Following a vote at the Nov. 21, 2009, meeting of the Society for Armenian Studies (SAS), which called on the SAS Executive Council to prepare a statement concerning the “historical sub-commission” in the Armenian-Turkish protocols, and following a vote of the SAS membership in support of the statement, the SAS Executive Council, on behalf of the entire SAS membership, hereby issues the following statement regarding the proposed historical sub-commission:
The recently signed protocols between the Republic of Armenia and the Republic of Turkey call for a sub-commission with the vaguely defined task of looking into existing historical problems for an impartial examination of historical records and archives. The stated purpose is to restore mutual confidence between the two nations.

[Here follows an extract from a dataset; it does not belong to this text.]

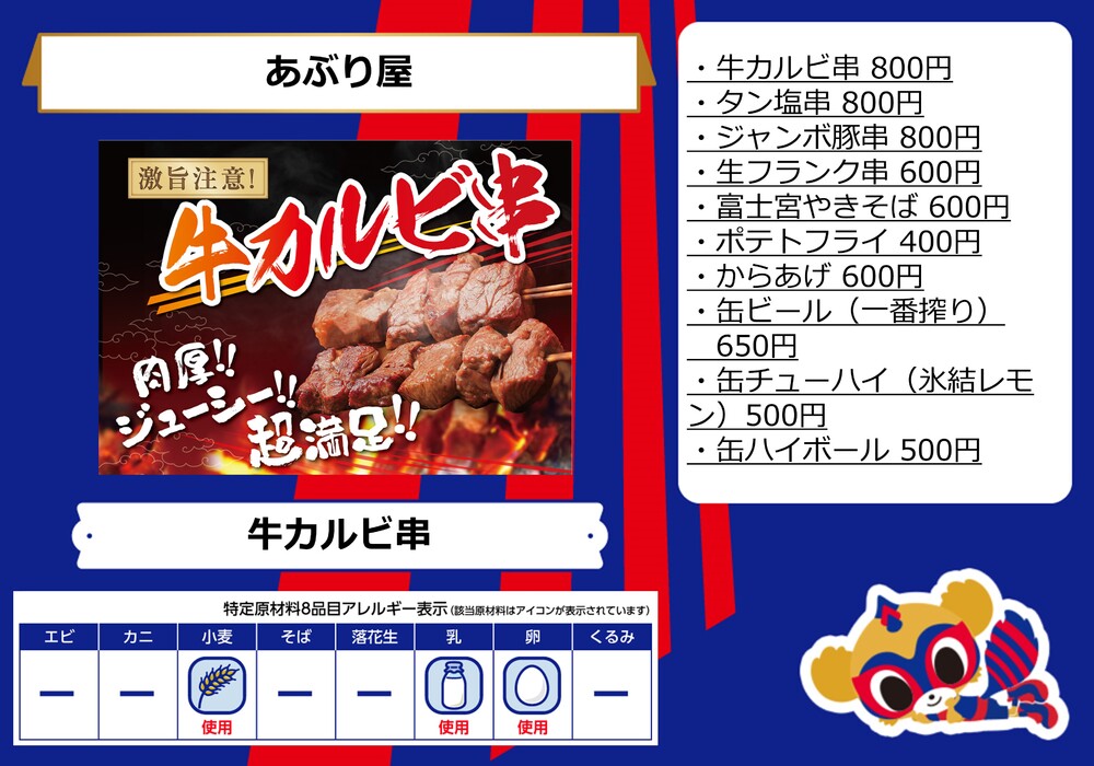 The food menu for the Gamba Osaka match on Oct 1 (Sun) at AO-AKA PARK supported by TOKYO GAS (outside the stadium) and the stadium concourse (inside the stadium) will be available for sale at the concession stands.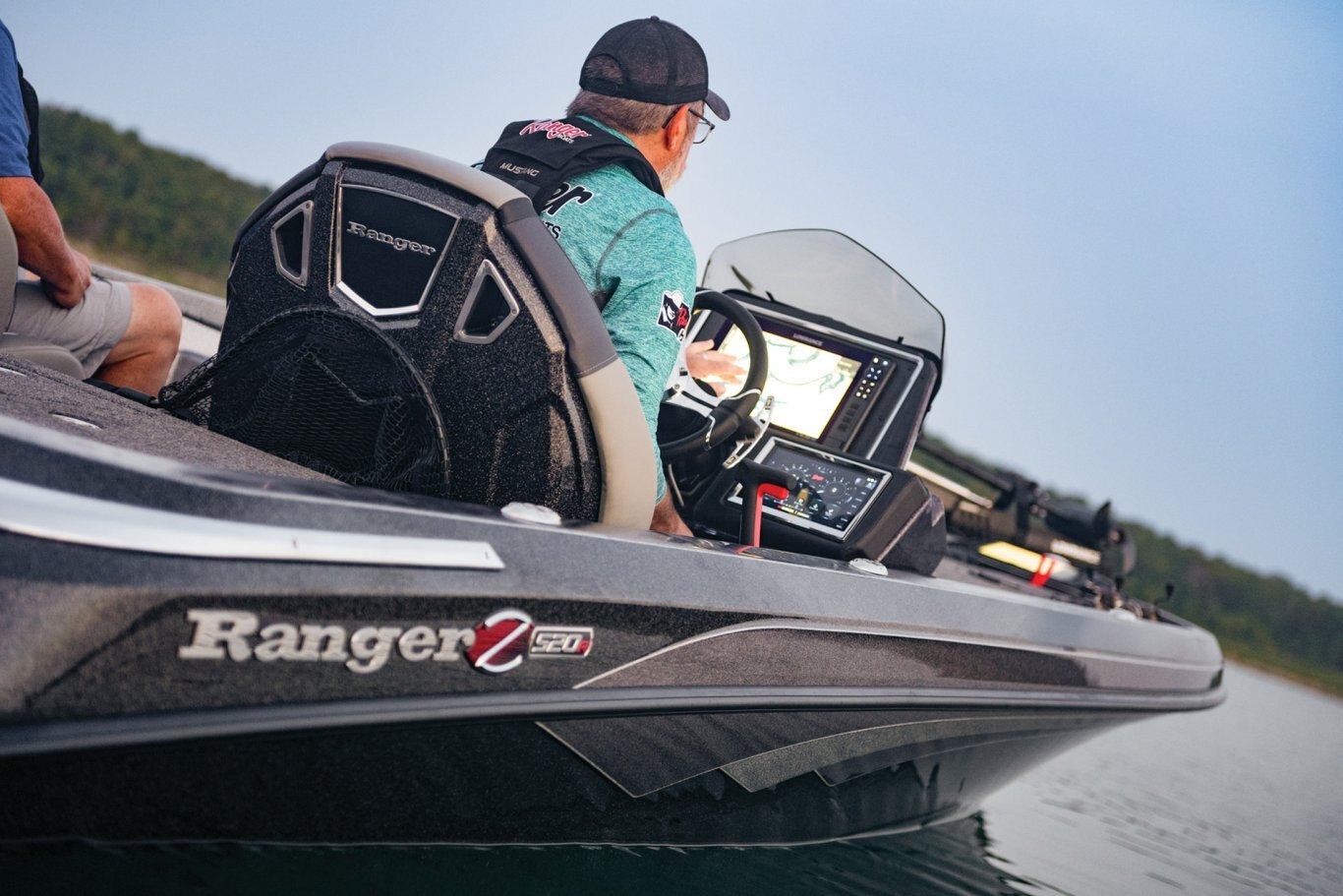 THE FAST TRACK TO THE PODIUMThe Ranger Z520R is the next chapter in bass boat evolution and a quantum leap in design, functionality and dominating performance and the Ranger Cup Equipped package adds in top-tier features at a significant cost savings. For 2025 we’ve upped the ante even more by adding a host of top-tier touches to set apart this premium rig even more. New heated Cloud 9™ air ride SRS driver seating carries you in comfort, while a new non-skid traction pad graces the front deck for stylish functionality. Protecting your investment is a newly redesigned boat cover for even greater fit and security. Fishability gets an upgrade with a Minn Kota® Quest 115-pound thrust trolling motor and an optional dual BBT electronics mount keeps your graphs secure and easy to read in all conditions. Finally, a color-matched cockpit floor, push-to close latches, and compartment liner mats complement the peerless style of the Z520R Ranger Cup Equipped. We took the legendary Z Comanche “C” hull and digitally scanned and perfected it, resulting in an instant hole shot and stronger top-end. Every appreciable element of the cockpit, decks, and storage boxes has been revamped to complement the enhanced performance of the R Series. We’ve also gone to great lengths to incorporate more standard technology into the R Series, to not only raise the bar for the industry, but to give you greater comfort, convenience, and peace of mind. An all-new console carries dual graphs or a single 16” unit and the touchscreen Ranger R.I.D.E. system integrates total control over every boat and engine function. The all-new seats rest on easy-to-adjust slides and the color-matched fiberglass shellbacks take the aesthetic to a new level. A key fob and integrated push-to-start ignition let you start-up quicker and deliver greater security when you’re on the road. Inside the coin box is a wireless phone charger, and in the battery box are standard lithium batteries. Storage boxes are demonstrably larger, thanks to a redesigned stringer system that builds on our One-Piece Feel Interloc™ Construction. The rod boxes feature our Echelon Rod Storage System with a tri-level storage shelf system that simplifies rod management and offers more room for sticks up to 9’. Inside and out, the Z520R ushers in the next generation of domination. The Z520R. It’s a whole new era of Ranger. |

Although no express reference is made in the protocols, there is an almost universal agreement that the Turkish side would use the sub-commission as a vehicle for perpetuating its denial of the Armenian Genocide and casting doubt on the validity of the massive body of evidence establishing it as genocide.
While the Turkish government, in keeping with a long-standing state policy, continues to make every effort to question and deny the veracity of the Armenian Genocide, President Serge Sarkisian has on a number of occasions asserted that the genocide and loss of Armenian patrimony cannot be questioned; that the genocide is a known truth and must be recognized and condemned; and that the reality of the genocide can in no way become a subject of discussion as part of the agenda of the sub-commission.
The Society for Armenian Studies hereby firmly states that the Armenian Genocide is an undeniable fact, established through dispassionate, meticulous, and multilingual archival research by a great number of experts, most of whom belong to respectable scholarly bodies of renowned authorities such as the International Association of Genocide Scholars (IAGS) and our own Society for Armenian Studies. The veracity of the Armenian Genocide cannot and must not be subject to discussion or to political give and take.
The Society for Armenian Studies was founded in 1974 by a group of scholars from the universities of California, Columbia, and Harvard on the initiative of Richard G. Hovannisian, Dickran Kouymjian, Nina Garsoian, Avedis Sanjian, and Robert Thomson. It is dedicated to the development of Armenian studies as an academic discipline.
The SAS Secretariat is located at the Armenian Studies Program of California State University, Fresno.